Indispensable: Ben Venom

"Indispensable" is a monthly series that asks the de Young’s Artists in Residence to explain a tool that they find essential to their work.
If the Sex Pistols had a sewing machine, it might have looked like this. 

Plastered with rock and roll stickers and sporting a needle made for leather, Ben Venom’s Juki F600 has even drawn some blood. “I’ve sewed through my fingers a few times,” says Venom. “It’s not pretty.”

The artist in residence in the Kimball Education Gallery through May 31, visitors can see Venom sewing quilts inspired by tattoo shops, motorcycle gangs, strip clubs and other venues he calls “the fringes of society.”  As a quilter, he needs a machine that’s able to wrestle with large amounts of fabric, versatile enough to handle his materials—leather, denim, upholstery fabric—and small enough to fit into his studio. 

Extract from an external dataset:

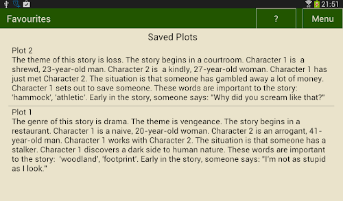 If you are looking to download other versions of Writer's Plot Generator Android App, We have 1 version in our database. Please select one of them below to download.

“I have another machine, but it’s more like a sh—ty Honda Accord. This one is a suped-up Camero,” says Venom.  Like a muscle car, the machine starts with a dangerous purr and revs up to a machine gun cadence. And it can take a toll on his body. “It’s like driving a stick shift, and I can spend 14 hours a day on it. It caused an issue with my sciatic nerve and I couldn’t walk for 3 days.” 

Venom describes his work as a “collision between different ideas—hard and soft, masculine and feminine, good and evil.” The Juki F600 is ground zero for that collision. Setting aside the automotive metaphor, Venom calls on another mighty machine. “You know the Large Hadron Collider in Switzerland? This is like a Sewing Machine Collider for me. It’s where energy is released.” 

“It sounds ridiculous when I say ‘You don’t know how dangerous this thing can be man,’ but it’s kind of true. And let’s face it, there’s a lot of ridiculousness in what I do. I hope it’s just ridiculous enough to circle all the way back around to genius.”